--- INPUT RECORDS Enclosed Below ---

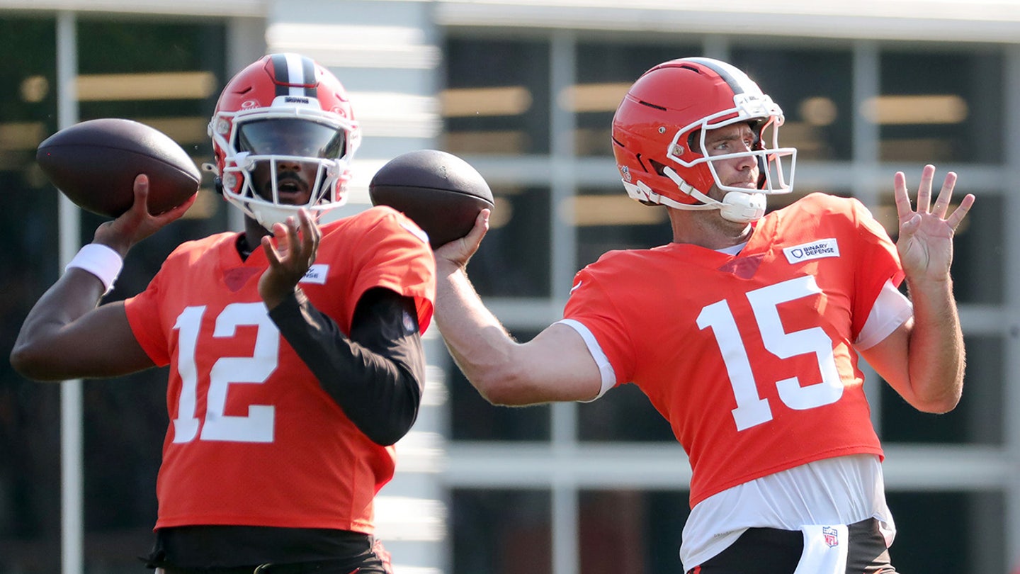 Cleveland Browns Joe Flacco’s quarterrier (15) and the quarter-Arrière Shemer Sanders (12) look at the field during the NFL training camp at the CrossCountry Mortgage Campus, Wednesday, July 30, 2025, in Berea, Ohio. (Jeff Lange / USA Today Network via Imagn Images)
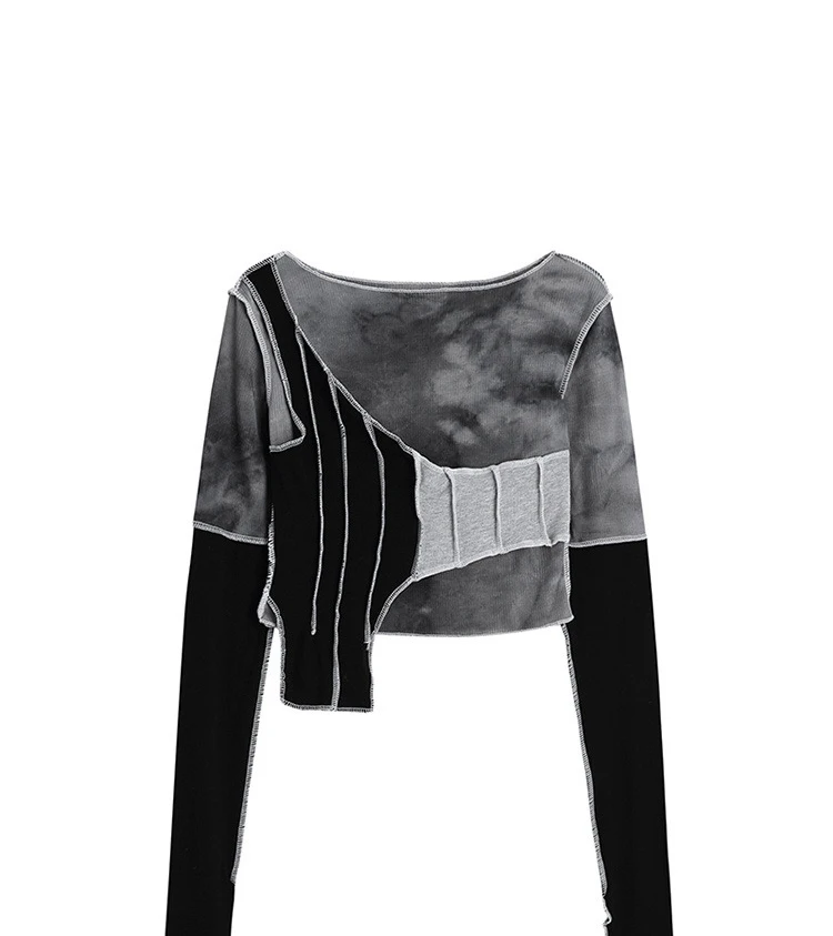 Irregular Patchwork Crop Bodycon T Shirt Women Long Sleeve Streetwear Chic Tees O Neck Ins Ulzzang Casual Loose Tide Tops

--- End of Enclosed INPUT RECORDS ---
--- INPUT RECORDS Enclosed Below ---

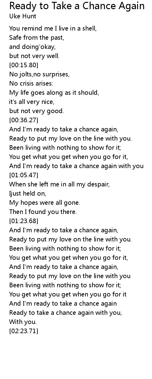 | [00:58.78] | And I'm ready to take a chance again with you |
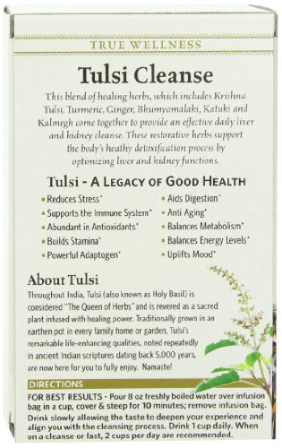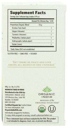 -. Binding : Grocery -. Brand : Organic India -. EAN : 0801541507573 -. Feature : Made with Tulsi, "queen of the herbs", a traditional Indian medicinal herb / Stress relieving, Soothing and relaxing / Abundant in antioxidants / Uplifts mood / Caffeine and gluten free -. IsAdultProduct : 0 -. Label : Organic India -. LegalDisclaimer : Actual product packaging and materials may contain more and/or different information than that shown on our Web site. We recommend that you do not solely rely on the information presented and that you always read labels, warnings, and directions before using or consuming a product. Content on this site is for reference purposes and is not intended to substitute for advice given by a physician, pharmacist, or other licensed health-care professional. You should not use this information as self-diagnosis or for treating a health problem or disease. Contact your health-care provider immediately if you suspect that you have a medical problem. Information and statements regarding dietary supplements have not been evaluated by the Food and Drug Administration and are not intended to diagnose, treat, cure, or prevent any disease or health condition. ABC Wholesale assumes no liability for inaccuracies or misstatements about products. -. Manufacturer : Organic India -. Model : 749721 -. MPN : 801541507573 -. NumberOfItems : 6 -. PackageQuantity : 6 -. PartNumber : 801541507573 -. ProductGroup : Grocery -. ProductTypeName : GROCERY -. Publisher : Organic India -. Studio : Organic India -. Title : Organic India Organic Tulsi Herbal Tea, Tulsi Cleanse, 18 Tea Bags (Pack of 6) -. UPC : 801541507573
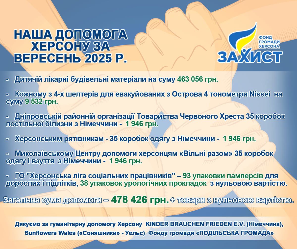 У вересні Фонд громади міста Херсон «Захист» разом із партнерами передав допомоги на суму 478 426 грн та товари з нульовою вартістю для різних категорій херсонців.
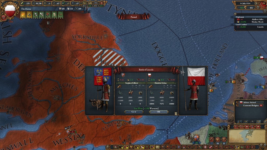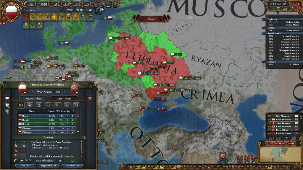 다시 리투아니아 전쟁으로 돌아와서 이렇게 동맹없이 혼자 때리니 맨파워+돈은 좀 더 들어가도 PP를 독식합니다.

--- End of Enclosed INPUT RECORDS ---
--- INPUT RECORDS Enclosed Below ---

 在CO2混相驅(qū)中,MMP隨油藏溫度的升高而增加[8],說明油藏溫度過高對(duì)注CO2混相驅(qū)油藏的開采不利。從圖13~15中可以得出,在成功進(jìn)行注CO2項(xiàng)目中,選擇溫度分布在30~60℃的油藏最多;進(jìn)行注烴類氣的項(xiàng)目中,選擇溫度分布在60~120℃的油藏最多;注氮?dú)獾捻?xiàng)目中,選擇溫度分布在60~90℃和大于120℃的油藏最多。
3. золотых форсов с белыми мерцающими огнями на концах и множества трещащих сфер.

--- End of Enclosed INPUT RECORDS ---

## TRY IT
Beginning with the line holding "Cleveland Browns Joe" in the material above, restate word for word each line through the line holding "Irregular Patchwork Crop", and exclude pictures.

## ANSWER FOR THIS EXERCISE
 Cleveland Browns Joe Flacco’s quarterrier (15) and the quarter-Arrière Shemer Sanders (12) look at the field during the NFL training camp at the CrossCountry Mortgage Campus, Wednesday, July 30, 2025, in Berea, Ohio. (Jeff Lange / USA Today Network via Imagn Images)
 Irregular Patchwork Crop Bodycon T Shirt Women Long Sleeve Streetwear Chic Tees O Neck Ins Ulzzang Casual Loose Tide Tops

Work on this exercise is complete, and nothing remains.